Movement part 1 — OS

Movement part 1 — OS

This is part one of a ten part series about building movement-aware applications.

Introduction

This article is focused on Android and iOS when talking about the evolution from location to movement because they represent 99.7% market share at the time of writing this article.

App development, as we know it today, began with the general release of these two Operating Systems to developers in 2008. At first, a few hundred apps were published on the platforms at the time of release. At the start of 2018, there are 5 million apps for users to choose from.

Location-based services were made available to developers from the first release. Device sensors and OS APIs have evolved by leaps and bounds since then, along with the collective imagination of developers.

Apple’s iOS and Google’s Android do a great job of generating location and activity data for developers to consume. However, developers are left to do a lot more to generate, manage and consume this data to build product experiences with movement of app users. Let’s take a deeper look.

Beginning

In the thick of the 2008 financial crisis that led to a global recession, a new world order was born with Apple and Google releasing Operating Systems for developers to build apps on.

The App Store was born on 10 July 2008. iOS 2.0 released the next day along with iPhone 3G. Developers had basic access to device location from the day they started developing apps for iPhones.

A few months later, on 23 Sep 2008, Android 1.0 was released to developers. API Level 1 gave developers basic access to device location from the day they started developing apps for Android devices.

Now

In this section, we take a closer look at the current state of the OS. Specifically, what the OS tells the device user about location services, movement features offered by the OS to device users, location and movement APIs offered by the OS to developers, and OS privacy considerations. Let’s go one OS at a time starting with iOS.

iOS

What iOS tells device user about location services

Take a look at this screen recording on iOS11 for: Settings => Privacy => Location Services => About Location Services & Privacy…

The top paragraph in the iOS note says “Location Services allows Apple and third-party apps and websites to gather and use information based on the current location of your iPhone or Apple Watch to provide a variety of location-based services. For example, an app might use your location data and location search query to help you find nearby coffee shops or theaters, or your device may set its time zone automatically based on current location.

This paragraph refers to use cases that use location at a point-in-time, such as when you perform a local search or when you switch your device on.

Movement features offered by iOS to device users

When you scroll further down the screen, you will see new additions that Apple has made over the last few releases. These include Traffic, Popular Near Me, Significant Locations, Location-Based Apple Ads, Location-Based Suggestions, Location-Based Alerts, Share My Location and HomeKit. These are services offered by Apple using information about user movement sent by the device in “an anonymous and encrypted form to Apple”.

Let’s take a closer look at one of these features called Significant Locations. Here is a screen recording of the feature on an iOS11 device. Get there from Settings => Privacy => Location Services => System Services => Significant Locations => Touch ID for security.
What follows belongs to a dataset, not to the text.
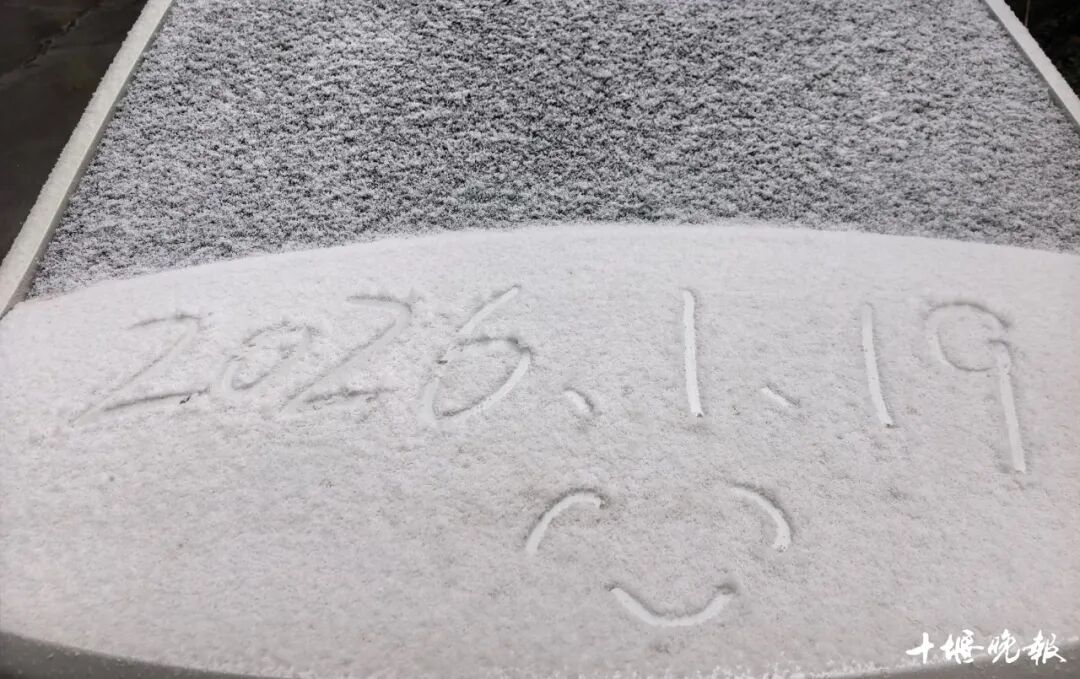 1月19日,十堰多地降雪,这会儿雪越下越大,尤其是十堰城区,房顶、远山已经下白了。

Apple’s description of the feature says: “Your iPhone will keep track of places you have recently been, as well as how often and when you visited them, in order to learn places that are significant to you. This data is transmitted end-to-end encrypted between your iCloud connected devices and will not be shared without your consent. It will be used to provide you with personalized services, such as predictive traffic routing, and to build better Photos Memories.

APIs offered by iOS to developers

iOS organizes its APIs into Core Location Services and Core Motion Services. Let’s take a closer look.

Core Location Services

The centerpiece of Core Location services is CLLocationManager. This is “the object that you use to start and stop the delivery of location-related events to your app”.

The most common use of CLLocationManager is to subscribe to changes in user’s location by specifying distance or time thresholds.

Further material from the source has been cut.